__Records__:
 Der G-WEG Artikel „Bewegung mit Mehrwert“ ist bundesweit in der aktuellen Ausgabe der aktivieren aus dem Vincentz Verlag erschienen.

* * *

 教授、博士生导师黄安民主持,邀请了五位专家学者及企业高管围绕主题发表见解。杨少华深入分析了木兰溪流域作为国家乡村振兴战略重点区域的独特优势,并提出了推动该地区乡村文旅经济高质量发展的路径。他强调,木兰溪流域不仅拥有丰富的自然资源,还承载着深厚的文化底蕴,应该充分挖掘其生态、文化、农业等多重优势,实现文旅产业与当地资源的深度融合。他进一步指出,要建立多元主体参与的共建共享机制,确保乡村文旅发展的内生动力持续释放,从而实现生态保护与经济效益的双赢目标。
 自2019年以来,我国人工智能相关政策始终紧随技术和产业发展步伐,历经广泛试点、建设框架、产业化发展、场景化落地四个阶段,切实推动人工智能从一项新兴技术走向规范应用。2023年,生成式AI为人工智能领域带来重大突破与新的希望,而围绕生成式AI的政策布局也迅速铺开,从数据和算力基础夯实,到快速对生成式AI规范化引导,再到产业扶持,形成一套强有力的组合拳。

__Description of the task__: Please copy the lines above from the line with "教授、博士生导师黄安民主持,邀请了五位专" up to and including the line with "自2019年以来,我国人工智", exactly as written and with nothing else.

__Expected answer__:
 教授、博士生导师黄安民主持,邀请了五位专家学者及企业高管围绕主题发表见解。杨少华深入分析了木兰溪流域作为国家乡村振兴战略重点区域的独特优势,并提出了推动该地区乡村文旅经济高质量发展的路径。他强调,木兰溪流域不仅拥有丰富的自然资源,还承载着深厚的文化底蕴,应该充分挖掘其生态、文化、农业等多重优势,实现文旅产业与当地资源的深度融合。他进一步指出,要建立多元主体参与的共建共享机制,确保乡村文旅发展的内生动力持续释放,从而实现生态保护与经济效益的双赢目标。
 自2019年以来,我国人工智能相关政策始终紧随技术和产业发展步伐,历经广泛试点、建设框架、产业化发展、场景化落地四个阶段,切实推动人工智能从一项新兴技术走向规范应用。2023年,生成式AI为人工智能领域带来重大突破与新的希望,而围绕生成式AI的政策布局也迅速铺开,从数据和算力基础夯实,到快速对生成式AI规范化引导,再到产业扶持,形成一套强有力的组合拳。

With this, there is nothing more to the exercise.